Most of the recent higher education news (and criticism) centers on issues related to affordability, accessibility, accountability and the value/purpose of a college degree, as well as the financial sustainability of higher education, especially in light of possible federal budget cuts in research and student financial aid. These issues are not new but are attracting greater scrutiny from the press and state and federal governments. Proposed ideas to address these issues abound, but there are no easy solutions because of the institutional diversity represented in the higher education sector and the complexity of the issues involved. Nonetheless, these issues will shape and impact colleges and universities well into the future.
Tulane is undertaking three initiatives to address these and related issues. Currently we are in the midst of a comprehensive two-year planning process that will chart Tulane's future for the next decade. This process began in fiscal year (FY) 2012 when we conducted an analysis of our institutional strengths and weaknesses and identified the opportunities and challenges facing Tulane. Not surprisingly, Tulane's strengths and opportunities are tied to its strong academic position. Its weaknesses and challenges are primarily related to its financial position relative to peer institutions (e.g. the size of Tulane's endowment). Despite these differences, Tulane is still highly competitive academically and financially sound because of its focus on controlling costs and making wise, targeted investments. Post- Katrina, the Tulane community did an amazing job in making the university better and stronger than anyone anticipated. However, doing more with less is no longer enough to keep us strong in the "new" world of higher education. Future challenges will continue to put an emphasis on making sure revenues and expenses are balanced and resources are closely aligned with strategic priorities. It will also require all higher education institutions to think differently and to adapt new strategies appropriate to the changes occurring more generally in society and most specifically in higher education.
Concurrent with the long-term planning process, we are also preparing financial projections for FY '14 and beyond. These early projections reveal two different outcomes. Currently, our financial situation is solid. However, unless we continue to remain vigilant about cost control, while at the same time expanding our revenues, we could quickly find ourselves in a situation where costs outpace revenues. Such an event would be untenable if it were to occur. To avoid getting to this point, we are working with the various academic and administrative units, as part of the planning process, to assist them to strategically focus their units while also being fiscally sound.
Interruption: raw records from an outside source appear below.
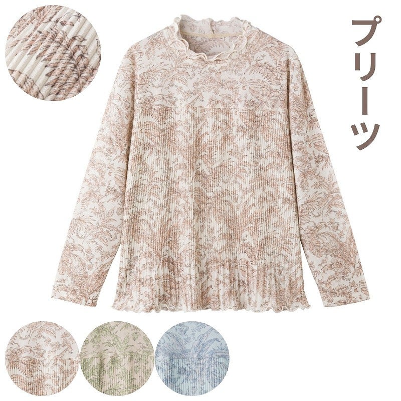 快適な日常生活をお過ごしいただけるためにお役立ていただける商品です着やすさとやさしい工夫のアイテムです伸びやかなプリーツ素材で動きやすく、心地よく着られる一枚です♪ 落ち着いたボタニカル柄にメロウ衿が華やかさを添え、顔まわりをやさしく明るい印象に。軽やかな着心地で装いに上品な彩りをプラスしてくれます。●品名/メロウプリーツTシャツ●色/グリーン・ベージュ・ブルー●サイズ/M~L●素材/ポリエステル95%・ポリウレタン5%●生産国/中国製●仕様/手洗い 伸びやかなプリーツで着心地快適。ボタニカル柄とメロウ衿で華やかに。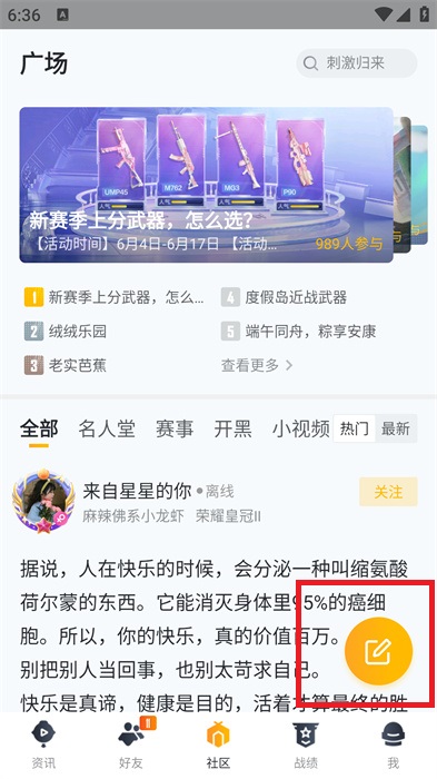 2、在社區(qū)頻道,點(diǎn)擊其中的【書簽】圖標(biāo),就可以進(jìn)入到發(fā)布動態(tài)的界面;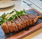 Sophia's handcrafted pastas celebrate Italian culinary artistry. Tagliatelle Atavi e Porcini, created with hickory-smoked Atavi pasta imported directly from Italy, is flavoured with porcini and veal jus. The Pappardelle al Ragù is equally outstanding, with hand-cut Wagyu beef slow-simmered into a creamy ragu that delicately coats each ribbon of pasta.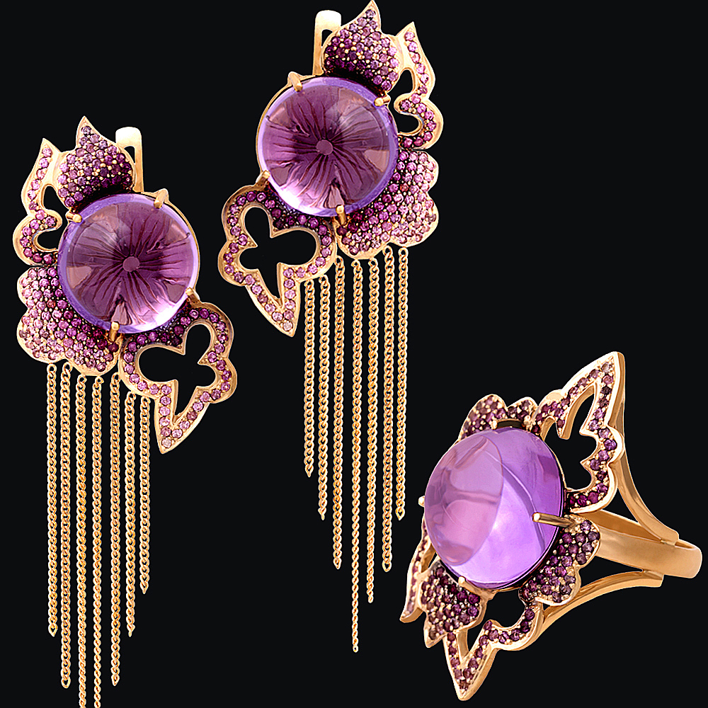 Золото(585), аметисты, сапфиры.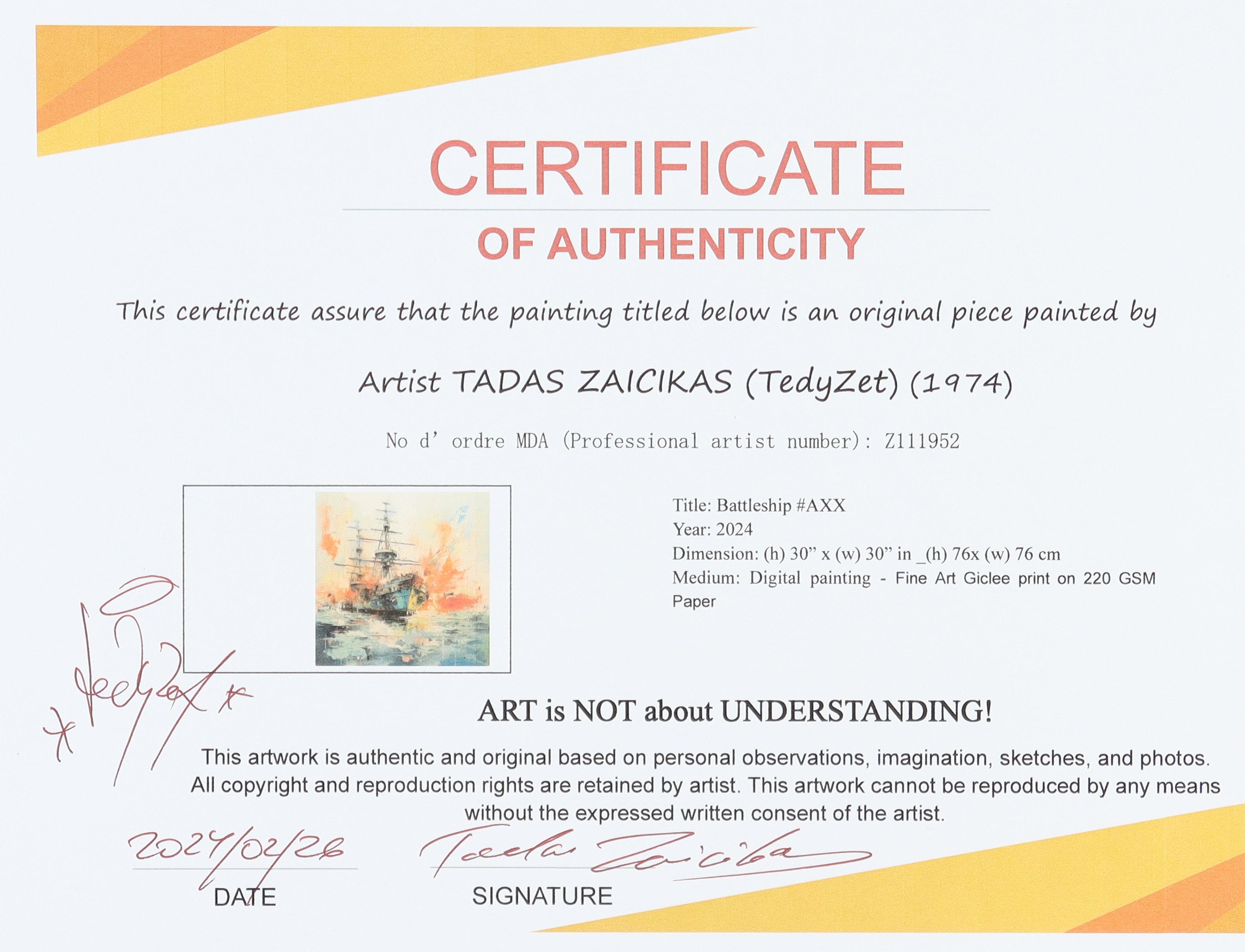 Tadas Zaicikas (TedyZet) Signed 2024 "Battleship #AXX" 30x30 Fine Art Giclee (Zaicikas)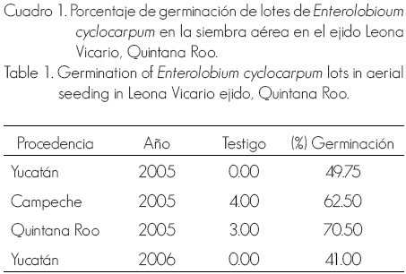 Assessment of the Enterolobium cyclocarpum (Jacq.) Griseb aerial sowing at Leona Vicario ejido, Quintana Roo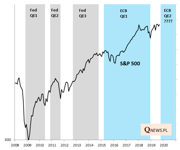 Oprócz tego ECB ogłosił od listopada powrót do QE (quantitative easing, luzowanie ilościowe), czyli masowego skupu obligacji skarbowych i korporacyjnych. Ma wynieść 20 mld euro miesięcznie, bezterminowo.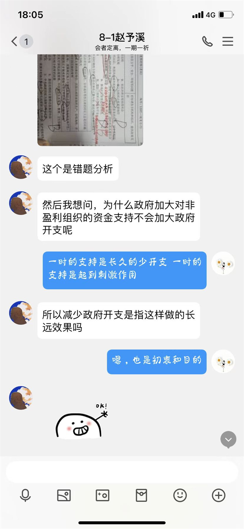 再说课堂,学校最大程度还原了线下高效6+1课堂的形式,我们小组每个同学都会不断地提出一些有趣的问题来进行探讨,每个人的积极性都非常高,这个过程中既有对题目深层次的思考,又有解决问题的喜悦,我认为我所在的小组很大程度的还原了学校中课堂上的议环节,这也让我从中获益许多。

I plan to communicate more regularly on these matters through a series of live chats, the first of which will be take place at noon on Monday, March 4. During these sessions, I will answer questions about our academic and financial planning processes, national issues affecting Tulane and other relevant topics. I also hope to get your ideas about how Tulane might address these issues in a way that will put the university in a more positive position among our peers. A transcript of each live chat will be posted on the Tulane website so our entire university community can be engaged in the discussion.
As we go through our planning process, there are also actions you can take to assist us. Participate in the live chats (or at least read the transcripts), educate yourself on the national issues facing higher education, engage in the planning process at the school or department level, keep reading my special messages on this topic and send any ideas or thoughts you have to Tulaneforward@tulane.edu.
I believe the future of higher education in the next decade will be significantly different than in the past. It will be more challenging, especially financially, and open to increased public scrutiny, while still offering opportunities for growth and further distinction. Those institutions that thrive will demonstrate adaptability, flexibility, innovation and resilience. The Tulane community has demonstrated these traits in the past, especially in the aftermath of Hurricane Katrina, and I have no doubt these traits will also define its future.